Italian chaos is permitted in the email and name columns; users could remain anonymous, masquerade as "president@whitehouse.gov" or give any name.

This seemed like a good idea when I built the system. I was concerned that it work reliably. I didn't care whether or not users put in bogus content; the admin pages made it really easy to remove such postings and, in any case, if someone had something interesting to say but needed to remain anonymous, why should the system reject their posting?

One hundred thousand postings later, as the moderator of the photo.net Q&A forum, I began to see the dimensions of my data modeling mistakes.

First, anonymous postings and fake email addresses didn't come from Microsoft employees revealing the dark truth about their evil bosses. They came from complete losers trying and failing to be funny or wishing to humiliate other readers. Some fake addresses came from people scared by the rising tide of spam email (not a serious problem back in 1995).

Second, I didn't realize how the combination of my email alert systems, fake email addresses, and Unix mailers would result in my personal mailbox filling up with messages that couldn't be delivered to "asdf@asdf.com" or "duh@duh.net".

Although the solution involved changing some Web scripts, fundamentally the fix was add a column to store the IP address from which a post was made:


alter table bboard add (originating_ip varchar(16));
Keeping these data enabled me to see that most of the anonymous posters were people who'd been using the forum for some time, typically from the same IP address. I just sent them mail and asked them to stop, explaining the problem with bounced email.

After four years of operating the photo.net community, it became apparent that we needed ways to

  • display site history for users who had changed their email addresses
  • discourage problem users from burdening the moderators and the community
  • carefully tie together user-contributed content in the various subsystems of photo.net
The solution was obvious to any experienced database nerd: a canonical users table and then content tables that reference it.
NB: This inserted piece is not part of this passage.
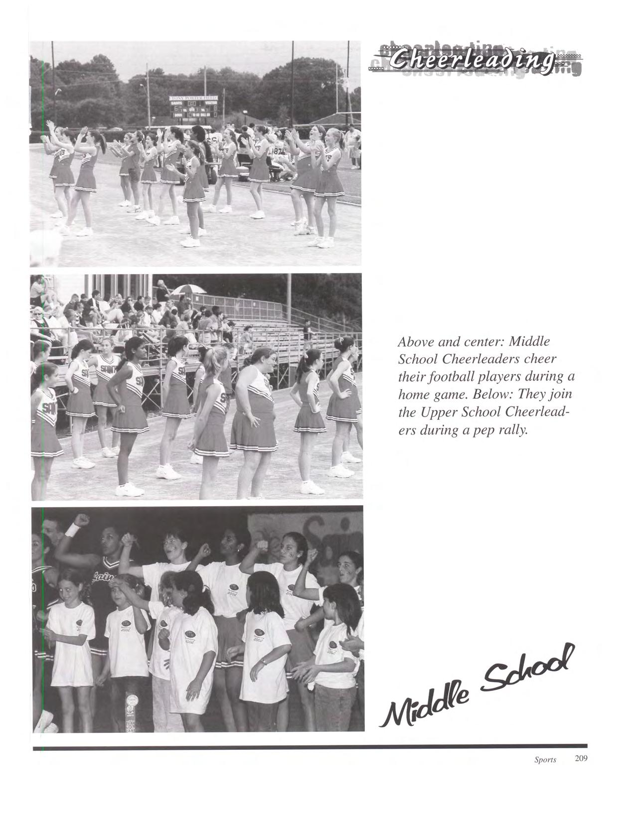 Above: The Middle School cheerleaders prepare to support the team. From left to right: Lauren Milner, Kayla Marmillion, Blake Johnston , Sarah Beth Pansano, Shannon English-Rhoden, Lauren Waters and (below) Megan Dodge.

Here's a simplified version of the data model, taken from a toolkit for building online communities, describe in http://philip.greenspun.com/panda/community:

create table users (
user_id integer not null primary key,
first_names varchar(100) not null,
last_name varchar(100) not null,
email varchar(100) not null unique,
..
);

create table bboard (
msg_id char(6) not null primary key,
refers_to char(6),
topic varchar(100) not null references bboard_topics,
category varchar(200), -- only used for categorized Q&A forums
originating_ip varchar(16), -- stored as string, separated by periods
user_id integer not null references users,
one_line varchar(700),
message clob,
-- html_p - is the message in html or not
html_p char(1) default 'f' check (html_p in ('t','f')),
...
);

create table classified_ads (
classified_ad_id integer not null primary key,
user_id integer not null references users,
...
);
Note that a contributor's name and email address no longer appear in the bboard table. That doesn't mean we don't know who posted a message. In fact, this data model can't even represent an anonymous posting: user_id integer not null references users requires that each posting be associated with a user ID and that there actually be a row in the users table with that ID.
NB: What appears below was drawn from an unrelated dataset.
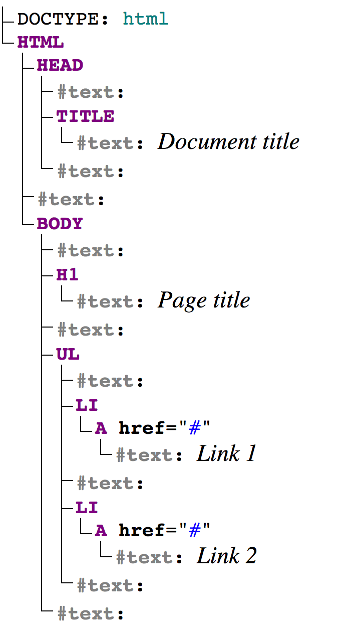 Zgodnie z modelem DOM każdy tag tworzy osobny element (węzeł), każdy fragment tekstu - element tekstowy. Dokument HTML to drzewo hierarchiczne, w którym każdy element (z wyjątkiem "korzeniowego" root) ma tylko jednego rodzica, czyli element, w którym się znajduje. To drzewo składa się z zagnieżdżonej struktury tagów i elementów tekstowych.

First, let's talk about how much fun it is to move a live-on-the-Web 600,000 hit/day service from one data model to another. In this case, note that the original bboard data model had a single name column. The community system has separate columns for first and last names. A conversion script can easily split up "Joe Smith" but what is it to do with William Henry Gates III?

How do we copy over anonymous postings? Remember that Oracle is not flexible or intelligent. We said that we wanted every row in the bboard table to reference a row in the users table. Oracle will abort any transaction that would result in a violation of this integrity constraint. So we either have to drop all those anonymous postings (and any non-anonymous postings that refer to them) or we have to create a user called "Anonymous" and assign all the anonymous postings to that person. The technical term for this kind of solution is kludge.

A more difficult problem than anonymous postings is presented by long-time users who have difficulty typing and or keeping a job. Consider a user who has identified himself as

  1. Joe Smith; jsmith@ibm.com
  2. Jo Smith; jsmith@ibm.com (typo in name)
  3. Joseph Smith; jsmth@ibm.com (typo in email)
  4. Joe Smith; cantuseworkaddr@hotmail.com (new IBM policy)
  5. Joe Smith-Jones; joe_smithjones@hp.com (got married, changed name, changed jobs)
  6. Joe Smith-Jones; jsmith@somedivision.hp.com (valid but not canonical corporate email address)
  7. Josephina Smith; jsmith@somedivision.hp.com (sex change; divorce)
  8. Josephina Smith; josephina_smith@hp.com (new corporate address)
  9. Siddhartha Bodhisattva; josephina_smith@hp.com (change of philosophy)
  10. Siddhartha Bodhisattva; thinkwaitfast@hotmail.com (traveling for awhile to find enlightenment)
Contemporary community members all recognize these postings as coming from the same person but it would be very challenging even to build a good semi-automated means of merging postings from this person into one user record.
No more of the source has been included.